> _What you have to do_:
Please reproduce the data exactly, though every picture must stay out.

> _Provided material_:
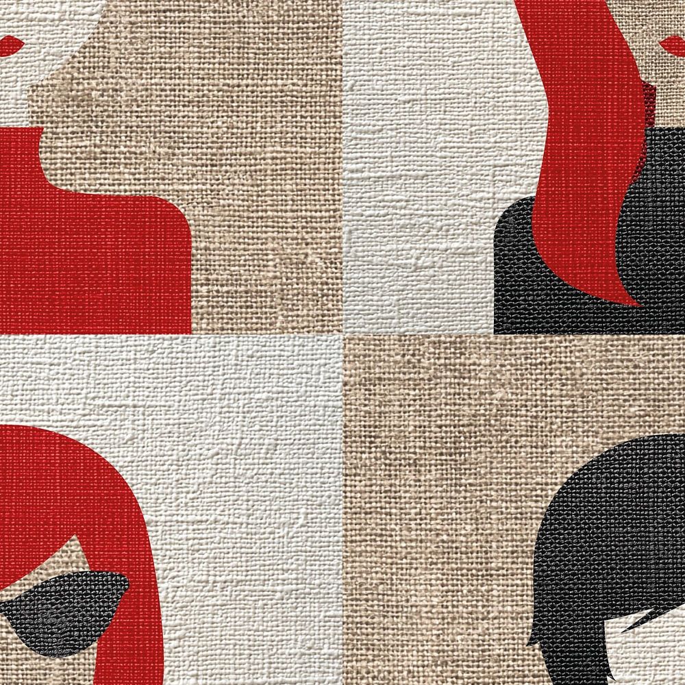 Vier stilisierte weibliche Porträts, jedes in einer eigenen Ebene auf einem Raster von zwei mal zwei. Jede Figur hat eine einzigartige Frisur und eine klare Farbgebung, bei der Schwarz, Rot und Weiß dominieren. Die Textur des Hintergrunds erinnert an Leinen oder Sackleinen und verleiht dem ansonsten grafisch-strengen Bild eine warme, textile Note.
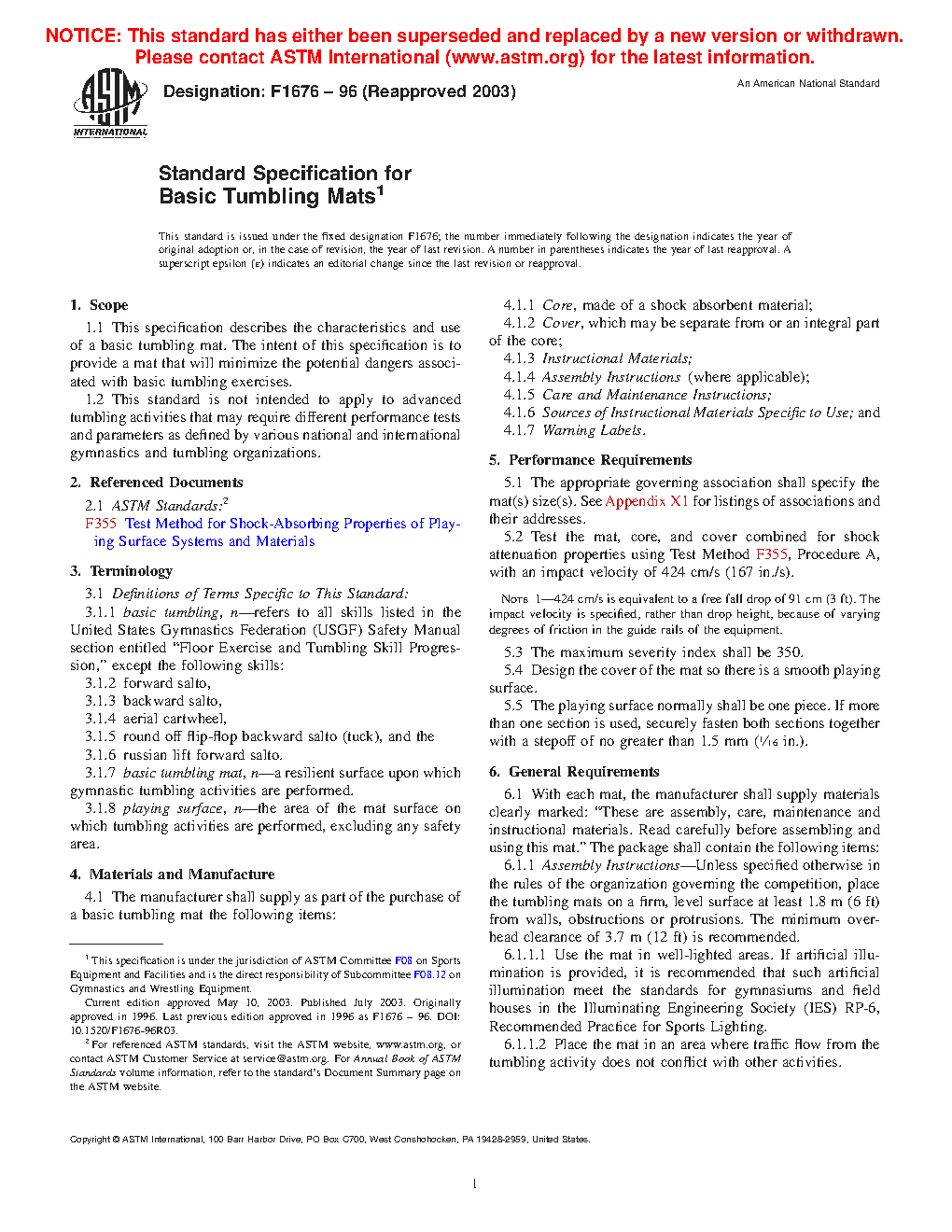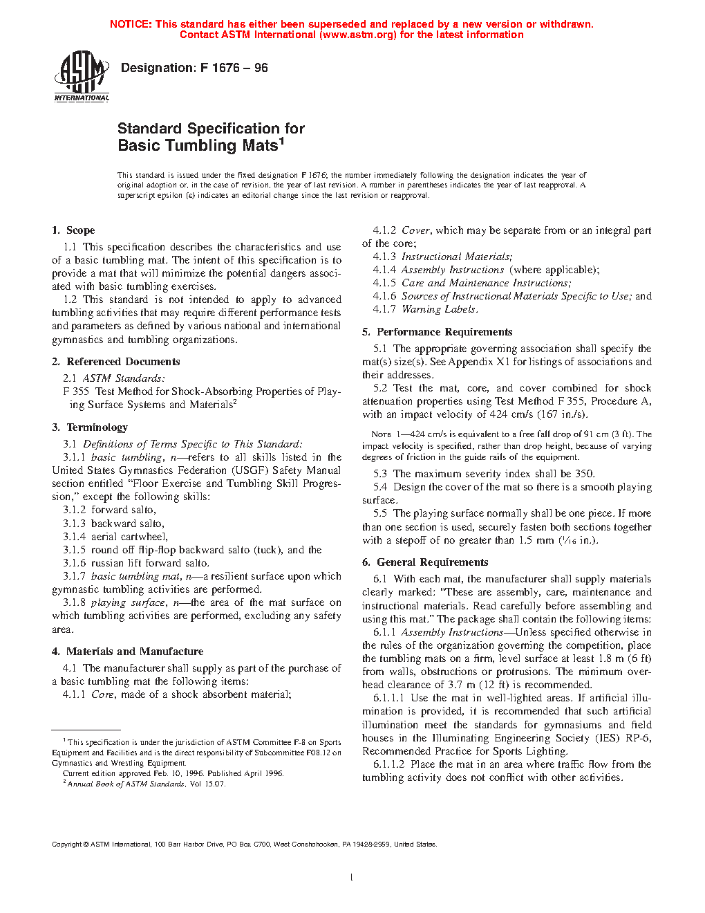 1.1 This specification describes the characteristics and use of a basic tumbling mat. The intent of this specification is to provide a mat that will minimize the potential dangers associated with basic tumbling exercises.
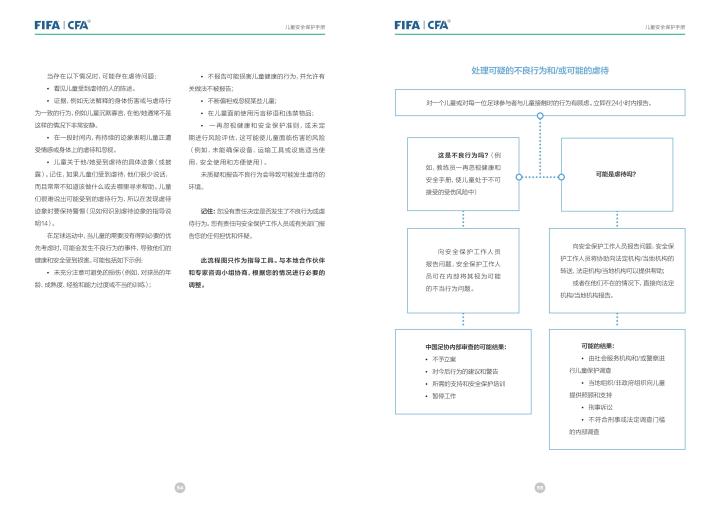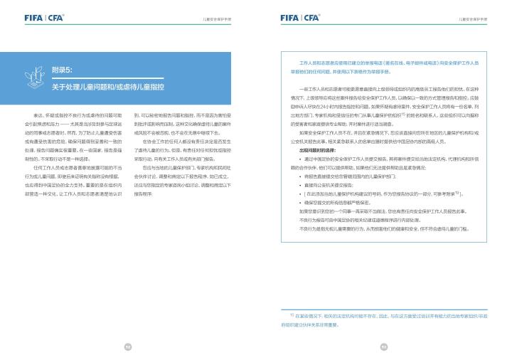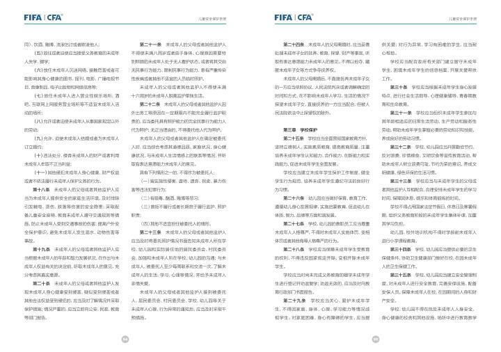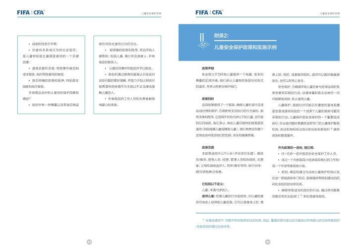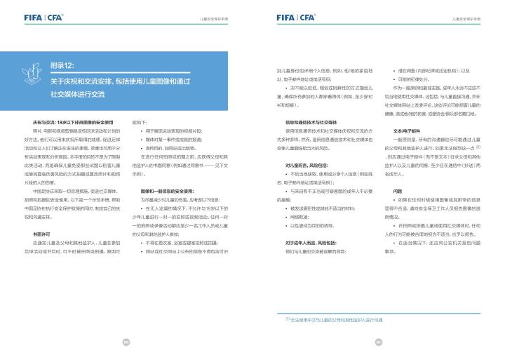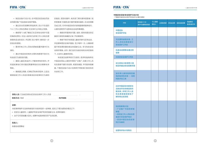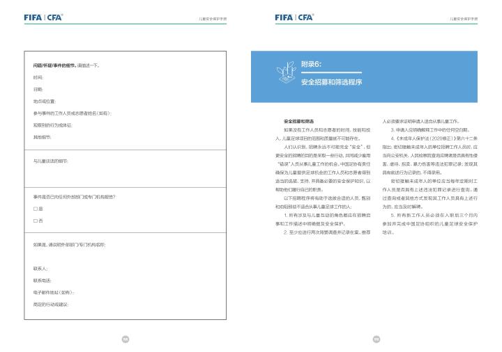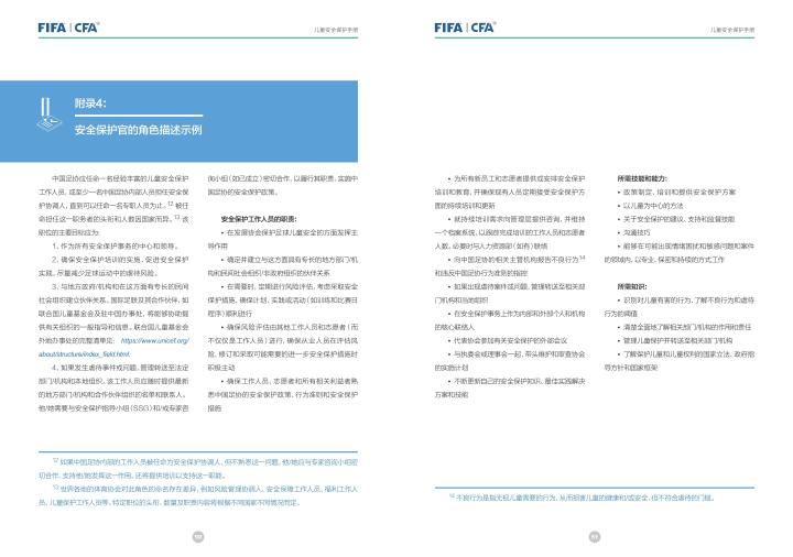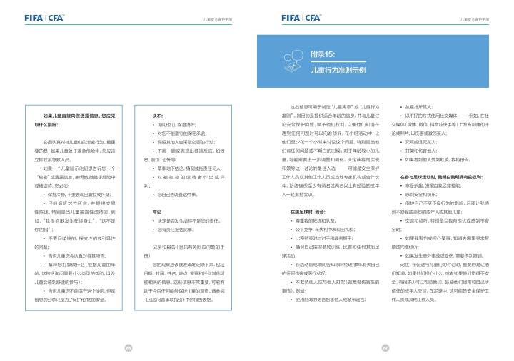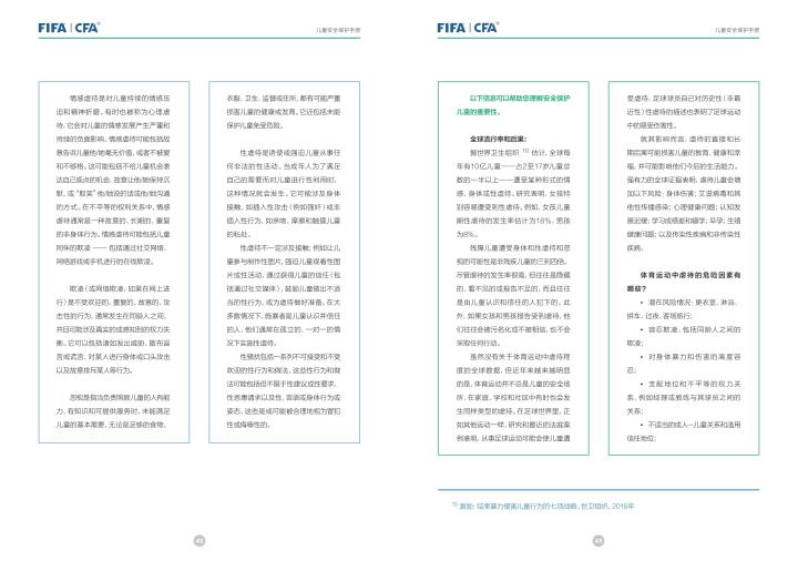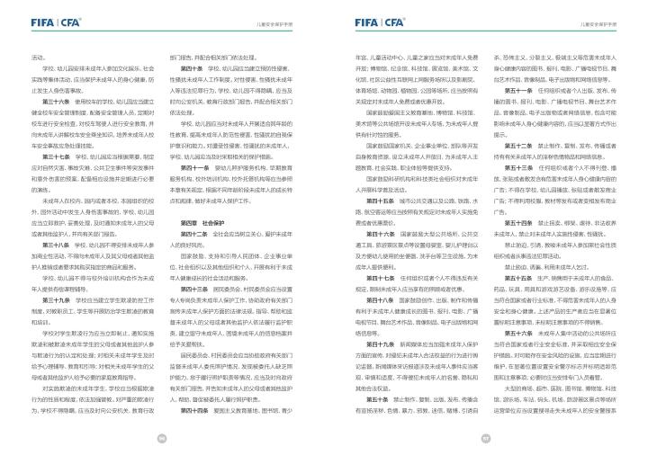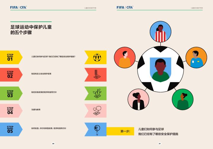 国际足联自2020年起成立了儿童安全保护部门(FIFA Safe Guarding),旨在推广足球活动中的青少年儿童安全保护工作,确保青少年儿童在健康良好的足球环境中学习和成长,免受足球训练中来自外界的身心伤害,并为此开设了相关课程。中国足协社会足球部根据国际足联发布的《儿童安全保护指南》编译制作了《中国足球协会儿童安全保护指南》和相关宣传页,并将在后续响应国际足联号召,成立中国足协儿童安全保护小组。

> _Solved problem_:
 Vier stilisierte weibliche Porträts, jedes in einer eigenen Ebene auf einem Raster von zwei mal zwei. Jede Figur hat eine einzigartige Frisur und eine klare Farbgebung, bei der Schwarz, Rot und Weiß dominieren. Die Textur des Hintergrunds erinnert an Leinen oder Sackleinen und verleiht dem ansonsten grafisch-strengen Bild eine warme, textile Note.
 1.1 This specification describes the characteristics and use of a basic tumbling mat. The intent of this specification is to provide a mat that will minimize the potential dangers associated with basic tumbling exercises.
 国际足联自2020年起成立了儿童安全保护部门(FIFA Safe Guarding),旨在推广足球活动中的青少年儿童安全保护工作,确保青少年儿童在健康良好的足球环境中学习和成长,免受足球训练中来自外界的身心伤害,并为此开设了相关课程。中国足协社会足球部根据国际足联发布的《儿童安全保护指南》编译制作了《中国足球协会儿童安全保护指南》和相关宣传页,并将在后续响应国际足联号召,成立中国足协儿童安全保护小组。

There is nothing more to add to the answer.